School performance was significantly influenced by both the age at seizure onset and the existence of DD/ID at operation so these are important prognostic factors for determining the quality of life. Bartolomei et al. [1] cited that CD patients with a late onset of seizure (above the age of 12) showed less DD/ID but a better social life than patients with an early onset, with the age at the seizure onset being an important prognostic factor. The early onset of seizure has been reported as an unfavorable prognostic factor for the cognitive outcome [4, 12, 22]. These results are exactly in accordance with our work, although the age criterion was somewhat different. It seems that neurological injury from epilepsy before the age of 3 years, which is the critical period for the higher function of neurological development, is the major cause of poor neurocognitive function. However, three patients in the early-onset group with DD/ID in our study improved their school performance and held high ranks in their classes after their operations. It is also worth noting that they all had lesion confined to the right temporal lobe and underwent a right temporal lobectomy. Westerveld et al. [20] reported improvement in nonverbal intellectual functioning after a temporal lobectomy, and Ivnik et al. [8] also found improvement in neurocognitive function especially after a right temporal lobectomy. Therefore, a more favorable neurocognitive outcome is expected in a patient with a lesion confined to the temporal lobe, and surgery must be actively considered in such patients, even if DD/ID already exists.

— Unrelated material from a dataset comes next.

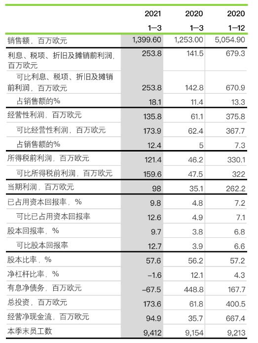 稅前利潤為1.21億歐元(去年同期:4600萬歐元)。可比稅前利潤為1.60億歐元(去年同期:4800萬歐元)。

The time of surgery was thought to be an insignificant prognostic factor due to the discrepancies between the duration of epilepsy morbidity and the neurocognitive outcome. Hennessy et al. [6] also mentioned that cognitive and behavioral dysfunctions are associated with lower epilepsy control rates, which were independent of the duration of epilepsy, for the surgical outcomes of temporal lobe epilepsy in a large study population. However, it is recommended that surgery should be actively considered before school age if medical treatment has failed because complete epilepsy control is important not only for school performance but also for social adaptation.

Conclusion

Pediatric epilepsy, caused by CD, is well controlled by surgical treatment, which is recommended for medically intractable epilepsy due to the control of epilepsy being important in school performance and social adaptation. Mild CD predominated in the late-onset group, with more moderate or severe CD in the early-onset group. MRI and PET are complementary to each other for the preoperative localization of the epileptogenic foci. The temporal lobe location was a favorable prognostic factor for epilepsy control. The age at seizure onset and the existence of DD/ID before an operation were important prognostic factors for a cognitive outcome.